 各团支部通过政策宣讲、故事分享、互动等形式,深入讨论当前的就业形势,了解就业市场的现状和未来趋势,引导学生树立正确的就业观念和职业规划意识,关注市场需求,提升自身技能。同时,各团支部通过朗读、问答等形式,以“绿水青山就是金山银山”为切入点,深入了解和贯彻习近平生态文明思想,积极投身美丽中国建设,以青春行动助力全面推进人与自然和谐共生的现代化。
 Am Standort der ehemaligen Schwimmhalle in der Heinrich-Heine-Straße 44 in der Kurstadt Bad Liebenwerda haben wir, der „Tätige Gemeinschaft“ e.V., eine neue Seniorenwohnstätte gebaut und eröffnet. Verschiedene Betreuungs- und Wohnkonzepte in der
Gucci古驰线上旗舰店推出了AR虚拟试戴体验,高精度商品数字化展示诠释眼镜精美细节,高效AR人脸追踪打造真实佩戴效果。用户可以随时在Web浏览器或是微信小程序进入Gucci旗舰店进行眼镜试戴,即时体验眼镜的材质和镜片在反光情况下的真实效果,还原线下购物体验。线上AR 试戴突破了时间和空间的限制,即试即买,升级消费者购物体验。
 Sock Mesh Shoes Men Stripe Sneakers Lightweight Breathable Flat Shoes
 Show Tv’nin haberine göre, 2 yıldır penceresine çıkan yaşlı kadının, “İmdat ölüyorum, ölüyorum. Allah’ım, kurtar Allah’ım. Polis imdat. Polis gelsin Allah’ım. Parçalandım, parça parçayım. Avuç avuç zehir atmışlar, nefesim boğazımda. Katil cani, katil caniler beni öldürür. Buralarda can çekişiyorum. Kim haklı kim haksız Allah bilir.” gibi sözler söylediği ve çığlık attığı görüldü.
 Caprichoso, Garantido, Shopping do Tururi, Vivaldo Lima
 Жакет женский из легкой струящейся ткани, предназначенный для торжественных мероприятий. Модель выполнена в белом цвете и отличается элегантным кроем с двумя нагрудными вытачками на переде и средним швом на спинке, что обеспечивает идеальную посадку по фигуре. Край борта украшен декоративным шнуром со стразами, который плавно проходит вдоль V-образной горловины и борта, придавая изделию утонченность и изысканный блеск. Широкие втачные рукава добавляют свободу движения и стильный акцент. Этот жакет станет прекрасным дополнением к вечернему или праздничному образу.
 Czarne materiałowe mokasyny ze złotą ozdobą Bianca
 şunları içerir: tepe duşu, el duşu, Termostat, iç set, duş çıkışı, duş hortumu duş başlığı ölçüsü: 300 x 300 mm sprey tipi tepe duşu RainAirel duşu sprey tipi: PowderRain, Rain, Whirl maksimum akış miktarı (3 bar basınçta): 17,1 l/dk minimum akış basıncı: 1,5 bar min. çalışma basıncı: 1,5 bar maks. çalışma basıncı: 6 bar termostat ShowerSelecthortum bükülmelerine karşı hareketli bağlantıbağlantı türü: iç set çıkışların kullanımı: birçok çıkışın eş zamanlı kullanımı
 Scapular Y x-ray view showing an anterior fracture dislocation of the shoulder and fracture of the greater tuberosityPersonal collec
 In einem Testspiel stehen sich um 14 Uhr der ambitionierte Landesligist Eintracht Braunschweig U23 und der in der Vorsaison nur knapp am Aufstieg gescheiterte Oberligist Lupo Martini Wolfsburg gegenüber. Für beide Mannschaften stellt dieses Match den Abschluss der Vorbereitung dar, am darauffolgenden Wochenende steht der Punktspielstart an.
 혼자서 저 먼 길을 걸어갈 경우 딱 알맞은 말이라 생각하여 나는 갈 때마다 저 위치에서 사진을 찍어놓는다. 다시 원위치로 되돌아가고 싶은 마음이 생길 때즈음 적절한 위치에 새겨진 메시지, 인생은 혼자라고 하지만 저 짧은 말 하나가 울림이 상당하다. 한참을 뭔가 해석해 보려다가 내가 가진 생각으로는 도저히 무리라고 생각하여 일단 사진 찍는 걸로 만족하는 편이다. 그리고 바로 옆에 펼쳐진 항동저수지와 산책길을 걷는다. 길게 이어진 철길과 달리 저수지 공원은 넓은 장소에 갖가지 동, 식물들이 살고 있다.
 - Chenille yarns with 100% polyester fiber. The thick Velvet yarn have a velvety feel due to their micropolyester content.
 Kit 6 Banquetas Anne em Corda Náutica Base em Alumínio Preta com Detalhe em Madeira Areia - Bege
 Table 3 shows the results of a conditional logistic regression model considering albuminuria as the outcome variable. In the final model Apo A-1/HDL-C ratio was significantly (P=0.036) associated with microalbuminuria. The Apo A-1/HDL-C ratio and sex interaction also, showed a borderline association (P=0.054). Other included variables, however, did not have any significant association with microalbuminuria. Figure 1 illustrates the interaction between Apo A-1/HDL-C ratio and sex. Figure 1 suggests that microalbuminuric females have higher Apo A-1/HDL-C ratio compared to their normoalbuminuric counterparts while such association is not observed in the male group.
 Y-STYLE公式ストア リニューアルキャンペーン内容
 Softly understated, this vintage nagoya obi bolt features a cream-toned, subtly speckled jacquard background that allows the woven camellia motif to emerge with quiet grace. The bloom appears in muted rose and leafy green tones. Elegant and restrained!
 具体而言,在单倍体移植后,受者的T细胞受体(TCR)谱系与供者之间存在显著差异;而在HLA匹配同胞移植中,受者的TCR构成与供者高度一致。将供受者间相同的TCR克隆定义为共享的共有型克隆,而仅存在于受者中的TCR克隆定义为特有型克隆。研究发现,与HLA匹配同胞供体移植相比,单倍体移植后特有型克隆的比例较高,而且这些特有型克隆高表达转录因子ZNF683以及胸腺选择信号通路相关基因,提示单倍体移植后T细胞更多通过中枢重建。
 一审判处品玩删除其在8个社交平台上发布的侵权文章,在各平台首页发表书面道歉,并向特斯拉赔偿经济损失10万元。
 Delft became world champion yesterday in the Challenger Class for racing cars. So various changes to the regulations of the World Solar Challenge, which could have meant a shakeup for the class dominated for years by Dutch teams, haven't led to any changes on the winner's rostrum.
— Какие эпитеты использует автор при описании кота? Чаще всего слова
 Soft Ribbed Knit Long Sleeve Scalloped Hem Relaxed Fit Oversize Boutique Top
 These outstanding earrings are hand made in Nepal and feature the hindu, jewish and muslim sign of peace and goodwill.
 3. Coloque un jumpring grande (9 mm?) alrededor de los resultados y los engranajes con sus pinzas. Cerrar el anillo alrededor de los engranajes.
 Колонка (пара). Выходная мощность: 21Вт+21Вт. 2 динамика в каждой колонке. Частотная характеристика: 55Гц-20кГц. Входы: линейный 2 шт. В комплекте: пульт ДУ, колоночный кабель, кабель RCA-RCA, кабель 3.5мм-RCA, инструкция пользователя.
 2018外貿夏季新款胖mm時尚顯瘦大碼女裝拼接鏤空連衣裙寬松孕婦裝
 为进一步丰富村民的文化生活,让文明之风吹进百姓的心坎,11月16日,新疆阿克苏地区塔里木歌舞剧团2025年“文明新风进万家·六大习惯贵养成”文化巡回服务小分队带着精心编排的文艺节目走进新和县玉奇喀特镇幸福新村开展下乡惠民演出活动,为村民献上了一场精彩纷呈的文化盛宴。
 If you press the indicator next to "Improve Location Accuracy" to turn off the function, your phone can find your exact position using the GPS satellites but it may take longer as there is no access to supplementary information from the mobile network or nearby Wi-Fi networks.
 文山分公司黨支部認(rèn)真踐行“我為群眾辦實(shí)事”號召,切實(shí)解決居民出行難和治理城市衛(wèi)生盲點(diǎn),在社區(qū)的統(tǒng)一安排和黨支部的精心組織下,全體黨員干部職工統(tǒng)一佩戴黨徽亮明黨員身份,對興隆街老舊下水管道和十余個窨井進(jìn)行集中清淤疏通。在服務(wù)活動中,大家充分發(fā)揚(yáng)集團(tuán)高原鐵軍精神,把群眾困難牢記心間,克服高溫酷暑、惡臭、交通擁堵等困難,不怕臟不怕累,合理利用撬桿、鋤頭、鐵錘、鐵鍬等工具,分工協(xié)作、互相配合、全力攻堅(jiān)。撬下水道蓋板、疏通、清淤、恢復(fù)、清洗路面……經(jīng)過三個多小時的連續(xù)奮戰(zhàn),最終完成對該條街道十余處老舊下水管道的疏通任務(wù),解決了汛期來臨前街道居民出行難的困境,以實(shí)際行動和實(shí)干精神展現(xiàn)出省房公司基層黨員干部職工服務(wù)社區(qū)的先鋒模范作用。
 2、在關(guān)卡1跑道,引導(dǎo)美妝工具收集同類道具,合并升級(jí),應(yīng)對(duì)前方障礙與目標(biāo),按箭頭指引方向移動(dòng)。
━━━
• **EXERCISE**:
Retype only the lines above between the line with "Am Standort der" and the line with "Sock Mesh Shoes", counting those two lines as well, and keep every character as it is.

• **REPLY TO THE TASK**:
 Am Standort der ehemaligen Schwimmhalle in der Heinrich-Heine-Straße 44 in der Kurstadt Bad Liebenwerda haben wir, der „Tätige Gemeinschaft“ e.V., eine neue Seniorenwohnstätte gebaut und eröffnet. Verschiedene Betreuungs- und Wohnkonzepte in der
Gucci古驰线上旗舰店推出了AR虚拟试戴体验,高精度商品数字化展示诠释眼镜精美细节,高效AR人脸追踪打造真实佩戴效果。用户可以随时在Web浏览器或是微信小程序进入Gucci旗舰店进行眼镜试戴,即时体验眼镜的材质和镜片在反光情况下的真实效果,还原线下购物体验。线上AR 试戴突破了时间和空间的限制,即试即买,升级消费者购物体验。
 Sock Mesh Shoes Men Stripe Sneakers Lightweight Breathable Flat Shoes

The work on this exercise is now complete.